Custom data augmentation requiring access to inputs and targets

Hi, I’m writing some image augmentations where the transformations of the inputs and the targets depend on each other.
As far as I understand the “normal” transformations only take inputs or targets and apply the respective transformation.
I found that using the .add_tfm() on the databunch I can add a transformation which receives both inputs and targets.
However this (again as far as I understand) is applied after all the other transformations happen.
Is there a way to add such a transformation before the other transformations?
My main problem is that the resizing of the images is allready applied once I get to my custom augmentation.
The data bunch is created like this (for brevity I ommited the parameters):

data = (
ObjectItemList.from_df()
.split_by_rand_pct()
.label_from_func()
.transform()
.databunch()
)
data.add_tfm()

Tricky. Can you be more specific on what you want to do? An example would be nice.

Yes of course: I’m trying to implement the original augmentations of the SSD paper:

Sample a patch so that the minimum jaccard overlap with the objects is 0.1, 0.3,
0.5, 0.7, or 0.9

This requires to compute candidate crop ROIs and then to check them against the available bounding boxes using jaccard.
As I’m writing this I have a rough version running using the .add_tfm(). In my opinion this is suboptimal as I have to squish the newly generated patch again into a square input size. Which in my current implementation is extremly slow due to going back from the gpu to cpu, numpy, then opencv for resize and going all the way back to the cuda… and as the notebook is running right now is infeasible even on a V100 :confused:

small update: the slowness is also due to principal of that augmentation, as it omits a lot of candidates before it uses one.

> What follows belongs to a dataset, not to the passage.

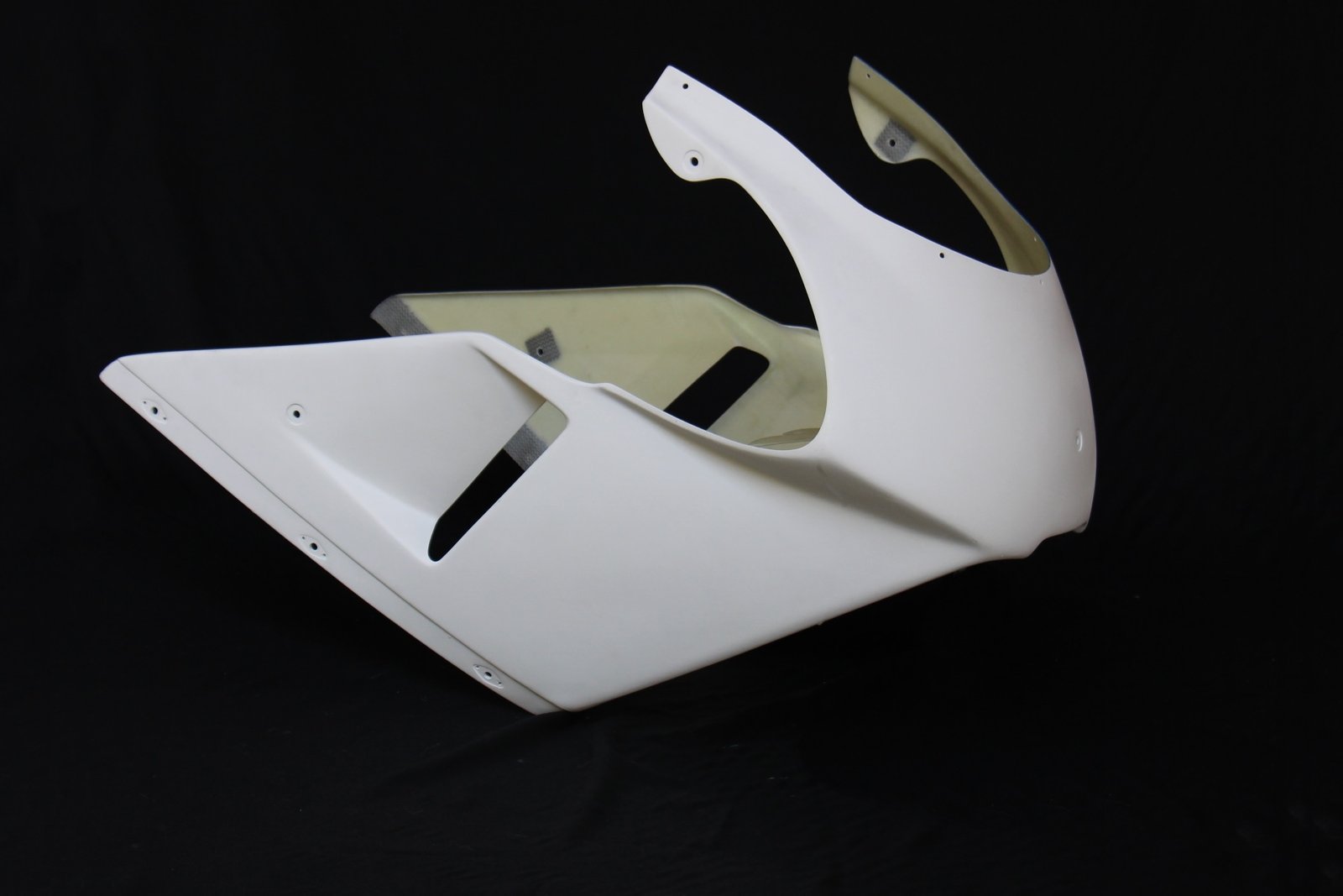 This product along with our NSR500V lower, part number BPFT-9042, air duct BPCX-9042, and windscreen SCRE-0172, comprise the complete front fairing ( part number BPFS-0193) These panels can be used for replacements by the few lucky owners who already have an NSR500V or to owners of motorcycles looking for something different and this fairing gives customizers a starting point to make their dreams come true. The size is such that this fairing can be used on most 400-750 cc model sports bikes and it is even rumoured that KTM ran the prototype RC8 with an NSR500V fairing to hide its identity from prying eyes. See also part number BPCU-9042 for carbon version.

And the runtime is extremly non deterministic as the number of candiates being checked my vary between 1 and few thousands…
which I’m limiting now.

next update: I optimized it a bit and now I’m down to 1 min per epoch, which is about double the time without this augmentation. This is ok for the moment, but still I think it would be way more efficient and result in better input data if being done before the resize by transform()

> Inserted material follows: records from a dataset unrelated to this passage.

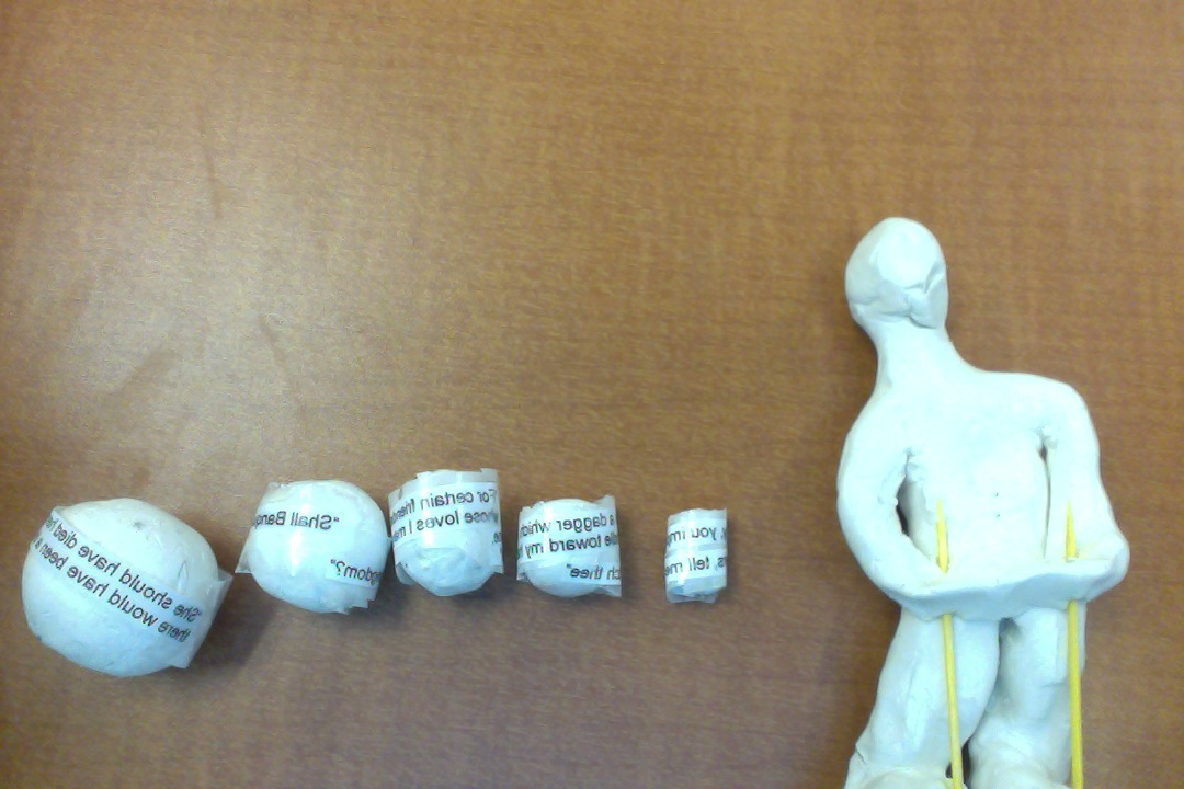 I soon came up with the idea of making a clay Macbeth and quote weights. As the story progressed, each quote weight would be added to Macbeth to show the struggle he endears on his journey. By the final quote Macbeth is no longer able to hold up the weights and therefore falls. This is supposed to show how in the end all of Macbeth's choices finally kill him.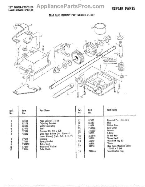 Parts for Ayp Frigidaire Home Products 37250: Gear Case Parts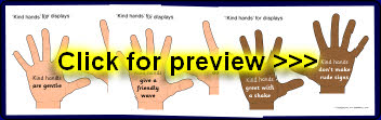 A set of printable hands with reminders for children of what hands are for and not for.

I’m a bit confused. Isn’t this done with the output of the model to determine which boxes predictions to keep?

yes, a similiar step is being done in the loss function to select the positive samples, but there the iou between the anchors boxes and the ground truth boxes is computed.

However one of the augmentations the authors of SSD mention is what I described above, to create good crops which make sure that objects are contained and the majority of their “body” is part of the crop.

This augmentation looks really promising, I might say amazing :slight_smile:
The loss is currently going down way more than ever before in my experiments. Its at 75 percent of my former minimal loss and keeps falling…

If it is of general interest I’m going to supply the code after making it a bit nicer next week.
The weekend is approaching fast right now and I’m squeezing in as much epochs as possible before leaving…

1 Like

okay, I have been to euphoric. I have missed that the transformation which is added using .add_tfm() on the databunch is obviously applied to both training and validation.
What I actually want is this: data.train_dl.add_tfm().
Now the provement of the validation loss is almost completly gone and needs further investigation.

1 Like

I’m back at it. It took me some time to get mAP running and being able to finally measuring the performance and playing around with some stuff.
I’m seeing a difference in mAP of about 5 points between the default augmentations from get_transforms() and using my custom transformation. I have the feeling that this could be improved if the transformations could applied earlier in the chain. @sgugger, you said this would be tricky. Is it possible at all? Is implementing a custom databunch the right way to do that?

This isn’t supported directly for the time being. The workaround I think of is creating a custom ItemList that groups your image and the bboxes to which you could define a custom apply_tfms method, but otherwise the pipeline applies them separately to inputs and targets.

ok, thanks! I will have a look into this.